# Lucky #7 Turkey Box Call



## ghost1066 (Jan 3, 2014)

This was a just to see if I could do it call. It is a spalted elm body with black walnut sides and paddle inlaid with poplar and some black mystery wood. I took a pair of dice and thinned them down to under 1/8" then inlaid them in the paddle. I added a small strip of bocote to the end of the body and then a cap of walnut.

Reactions: Like 4


----------



## ghost1066 (Jan 3, 2014)

goslin99 said:


> Is there anything you don't make?? Nice!



Yep money.

Reactions: Like 3


----------



## longbeard (Jan 3, 2014)

Awesome looking call Tommy. Love the dice, inlays, great job.
If i may ask, how much do you charge for your calls


Harry


----------



## ghost1066 (Jan 3, 2014)

longbeard said:


> Awesome looking call Tommy. Love the dice, inlays, great job.
> If i may ask, how much do you charge for your calls
> 
> 
> Harry


Thanks Harry, They start around $45 for an ERC and go up depending on what someone wants. Most run $60-$75 high end is $150


----------



## Wildthings (Jan 3, 2014)

I bet this one is $200 - Man great work and idea on the dice that is sweet!!


----------



## dukdawg999 (Jan 4, 2014)

Very nice looking call.


----------



## Shagee415 (Jan 4, 2014)

Man that thing is nice. One day will have to try my hand at one of those. Just wouldnt know where to start. LOL


----------



## windyridgebowman (Jan 4, 2014)

Do you do any trading Tommy? I love the call.

Reactions: Like 1


----------



## ghost1066 (Jan 4, 2014)

windyridgebowman said:


> Do you do any trading Tommy? I love the call.

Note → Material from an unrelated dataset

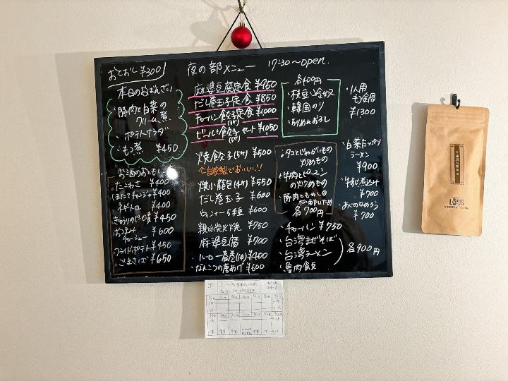台湾茶専門店ランプ屋2号店のメニューはこのようになっています。(一部)

Always up for a trade but it wouldn't be this exact call. I sold it but the guy that bought it said it couldn't have dice on it so I still have the paddle and am finishing a similar body. It has spalted maple body and walnut sides but no inlay on sides. But I can always build something just for you that is not a problem.


----------



## windyridgebowman (Jan 5, 2014)

If you want, we can work something out and take it to the trade forum. Pm me what sizes you would be interested in, and I will tell you what I have. thanks Chuck.


----------



## ghost1066 (Jan 5, 2014)

Sounds good start a thread and we will get you something going. What I can use most is just call blank sizes in some wood I don't have we will work out the details.


----------